Frontend Drills System

Overview

The Frontend Drills system (/lib/frontend-drills/) provides a complete learning platform for 4 frontend frameworks: React, Angular, Vue, and Native JavaScript. Each framework has its own set of drill problems, quiz questions, UI patterns, and cheatsheets.

Module Structure

lib/frontend-drills/
├── index.ts              # Public API barrel
├── types.ts              # All type definitions
├── config.ts             # Framework config (colors, icons, docs URLs)
├── validator.ts          # Drill answer validation
├── quizGenerator.ts      # Quiz generation + scoring engine
├── problems/             # Drill problems per framework
│   ├── index.ts
│   ├── react.ts
│   ├── angular.ts
│   ├── vue.ts
│   └── native-js.ts
├── quiz/                 # Quiz questions per framework
│   ├── index.ts
│   ├── react.ts
│   ├── angular.ts
│   ├── vue.ts
│   └── native-js.ts
├── cheatsheet/           # Cheatsheets per framework
│   ├── index.ts
│   ├── react.ts
│   ├── angular.ts
│   ├── vue.ts
│   └── native-js.ts
└── ui-patterns/          # UI pattern catalog per framework
    ├── index.ts
    ├── types.ts
    ├── tutor-prompt.ts
    ├── react.ts
    ├── angular.ts
    ├── vue.ts
    └── native-js.ts

Framework Configuration

Each framework has a config in config.ts:

Framework ID Color Icon Version Docs
Native JavaScript native-js Yellow JS ES2024 MDN
React react Cyan 19 react.dev
Angular angular Red Ng 19 angular.dev
Vue vue Emerald V 3.5 vuejs.org

Learning Modes

1. Drill Mode

Users type framework-specific code from memory. Data in problems/[framework].ts.

Validation: JavaScript/TypeScript problems are executed via validateJavaScript() in lib/codeValidator.ts, which supports both single-expression answers (e.g. arr.map(x => x * 2)) and multi-statement code (e.g. const result = arr.filter(...)\nresult). The validator uses depth-aware statement detection — it tracks {}/()/[] nesting depth so that keywords like const inside IIFEs or arrow function bodies are not mistaken for top-level statements. Only statements at depth 0 trigger multi-statement handling and return-value extraction. Angular problems use validPatterns regex arrays for pattern-based validation instead of code execution.

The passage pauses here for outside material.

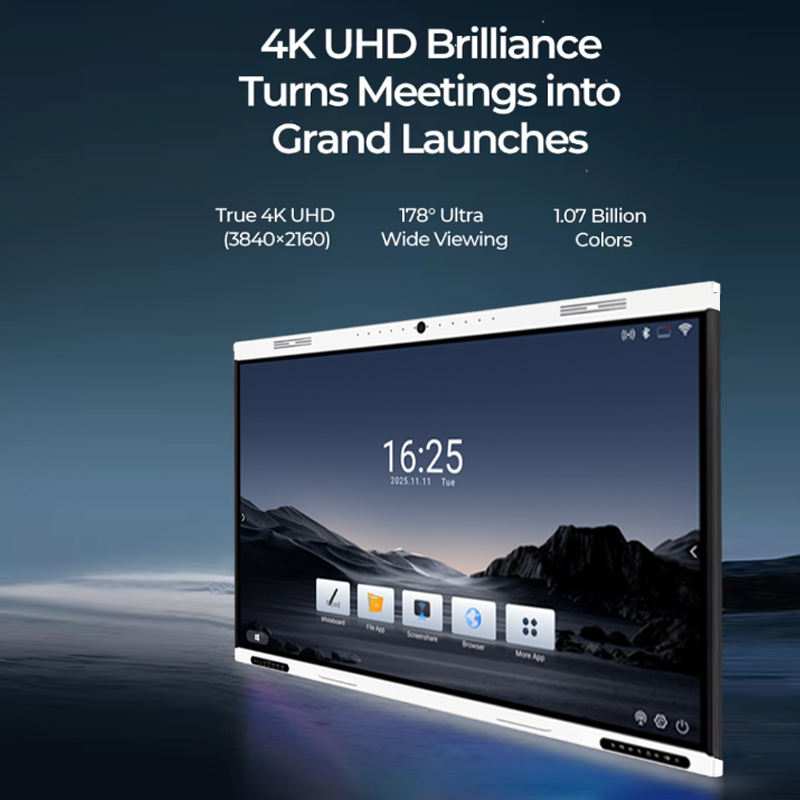 Pantalla 4K UHD: Proporciona imágenes más claras y detalladas, mejorando la experiencia visual tanto para la enseñanza como para las presentaciones.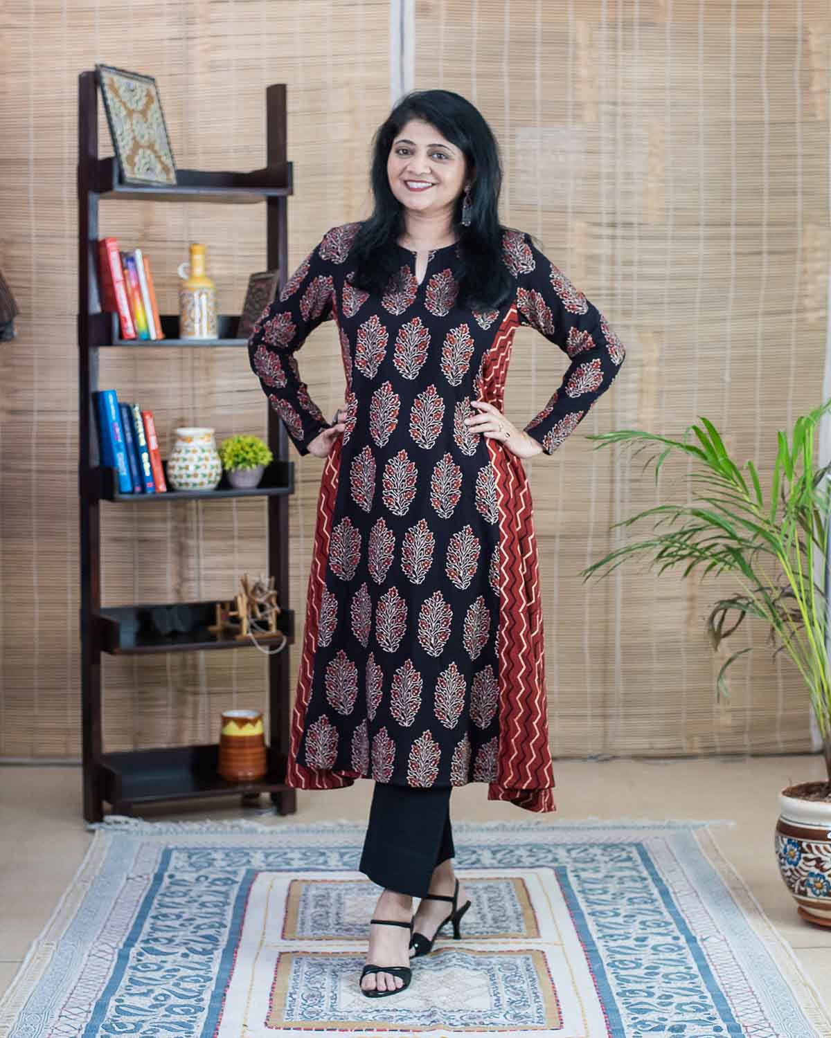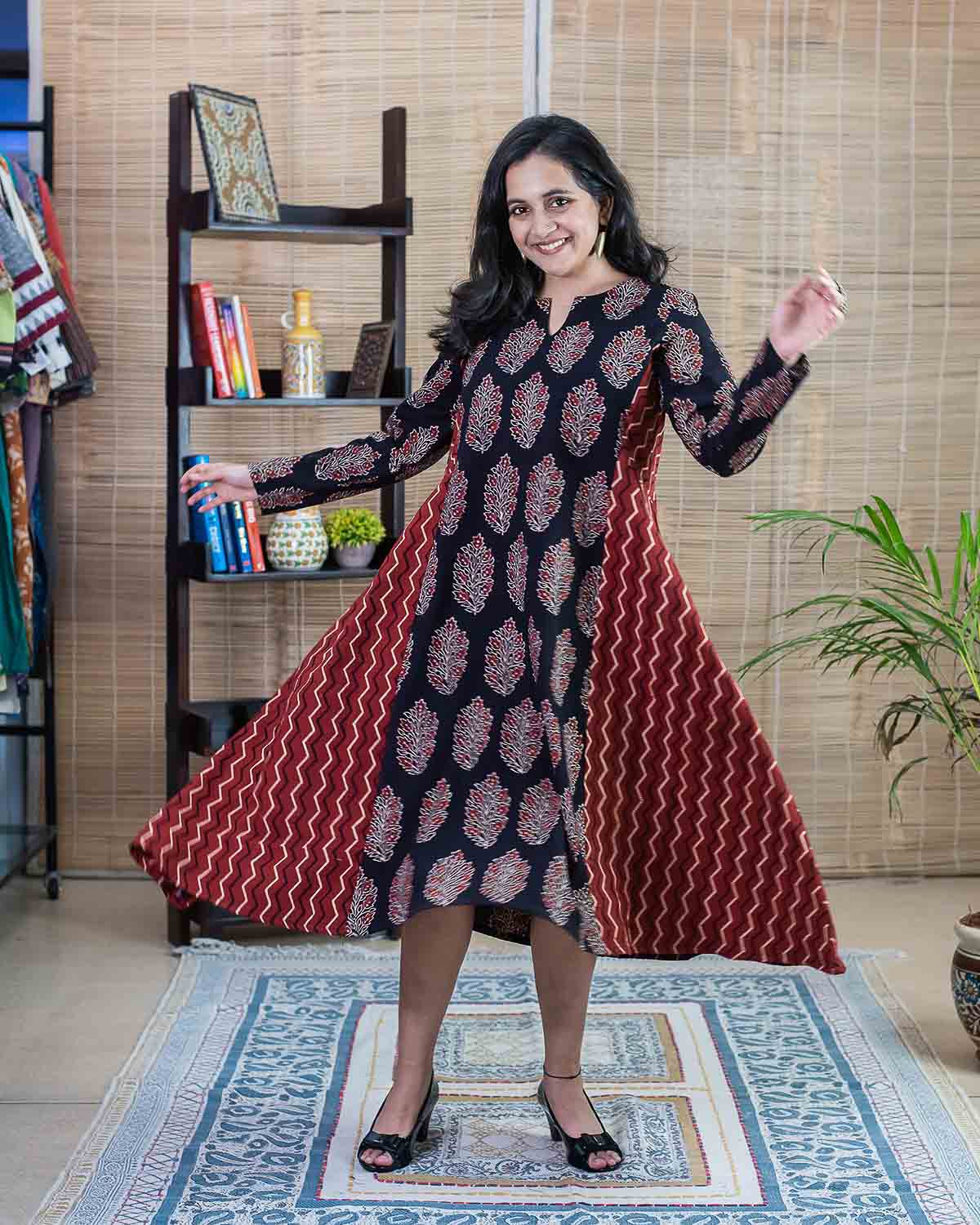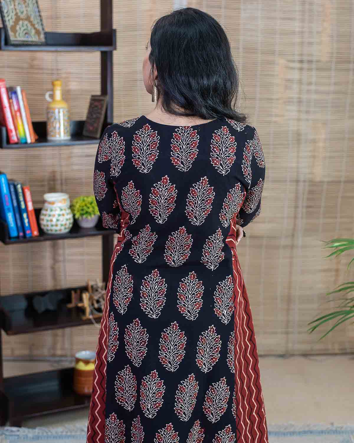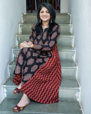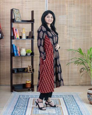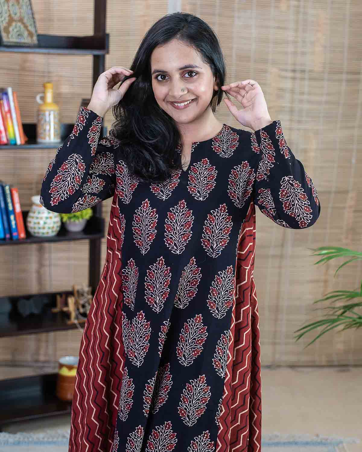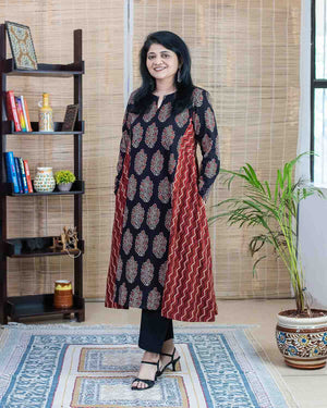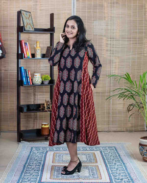 Flared Ajrakh Red black dress / kurta - Relaxed fit

TypeScript type annotations are stripped before execution via stripTypeScriptAnnotations() in lib/codeRunner.ts, using a looksLikeTypeAnnotation() heuristic to distinguish types (: string) from value expressions (: item.name) to avoid corrupting object literals.

2. Quiz Mode

Multiple-choice questions about framework concepts. Scoring includes:

  • Base points per correct answer
  • Streak multiplier (3x at 3+ streak, 3x at 5+ streak)
  • Time bonus for fast answers
  • localStorage-based leaderboard per framework

3. Training Mode

Individual problem selection. 460 problems across all 4 frameworks, each with hints, a real-world context example, and auto-generated starter code.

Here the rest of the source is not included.